Conclusion: The glycosylphosphatidylinositol-anchored CEACAM5 and CEACAM6 are under selection to maintain similarity to the pathogen receptor CEACAM1 in most primate species, indicating a function as decoy receptors.

查看原文本刊更多论文

灵长类动物CEACAM病原体诱饵受体的进化。

背景：白细胞中的CEACAM1控制炎症期间的细胞活化。这一点及其在上皮细胞中的表达导致人类和其他物种的病原体经常独立占用CEACAM1作为受体，以获得宿主通路并下调其免疫反应。作为对策，具有ceacam1样病原体结合结构域的诱饵受体进化了。粒细胞特异性的人CEACAM3内吞受体将ceacam1结合的病原体转移到中性粒细胞中进行内化和破坏。糖基磷脂酰肌醇锚定的CEACAM5和CEACAM6在人类中也可以结合靶向ceacam1的病原体，其作用尚不清楚。方法：分析148种灵长类动物中CEACAMs的选择，以避免病原体结合，并保持病原体受体和诱饵受体之间的相似性。结果：值得注意的是，在长臂猿和新大陆猴中未发现功能性CEACAM3基因。有趣的是，在这些灵长类动物中，CEACAM6在其病原体结合的N域外显子中表现出与CEACAM1相似的高比率的非同义和同义替换（dN/dS）。较高的dN/dS比率表明了在病原体受体中常见的多样化选择。人CEACAM6在粒细胞和上皮细胞上表达。因此，CEACAM6可以替代缺失的内吞受体CEACAM3。在几乎所有研究的灵长类群体中，上皮表达的CEACAM5的N个外显子也表现出多样化的选择。在非洲人群中，CEACAM5的病原体结合区存在5种高频多态性（I80V, V83A, I100T, I112V, I113T），在同一个体中存在3-4个多态性。这些多态性对应于CEACAM1病原体结合域序列。结论：在大多数灵长类动物中，糖基磷脂酰肌醇锚定的CEACAM5和CEACAM6被选择以保持与病原体受体CEACAM1的相似性，表明它们具有诱骗受体的功能。
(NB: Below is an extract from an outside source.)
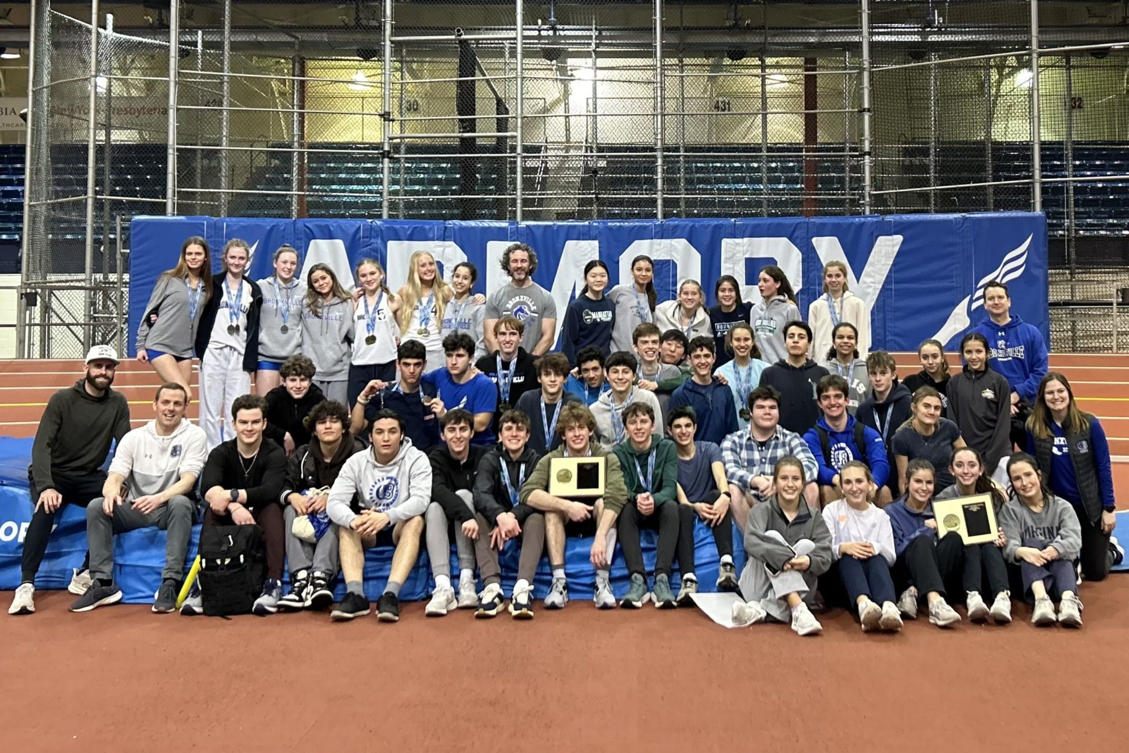 The Bronxville indoor track and field teams at the Armory for the Sectional Championship meet. Photo courtesy of @bxvboystrack.

本文章由计算机程序翻译，如有差异，请以英文原文为准。

求助全文

约1分钟内获得全文求助全文

来源期刊

European Journal of Clinical Investigation 医学-医学：内科

CiteScore

9.50

自引率

3.60%

发文量

192

审稿时长

1 months

期刊介绍： EJCI considers any original contribution from the most sophisticated basic molecular sciences to applied clinical and translational research and evidence-based medicine across a broad range of subspecialties. The EJCI publishes reports of high-quality research that pertain to the genetic, molecular, cellular, or physiological basis of human biology and disease, as well as research that addresses prevalence, diagnosis, course, treatment, and prevention of disease. We are primarily interested in studies directly pertinent to humans, but submission of robust in vitro and animal work is also encouraged. Interdisciplinary work and research using innovative methods and combinations of laboratory, clinical, and epidemiological methodologies and techniques is of great interest to the journal. Several categories of manuscripts (for detailed description see below) are considered: editorials, original articles (also including randomized clinical trials, systematic reviews and meta-analyses), reviews (narrative reviews), opinion articles (including debates, perspectives and commentaries); and letters to the Editor.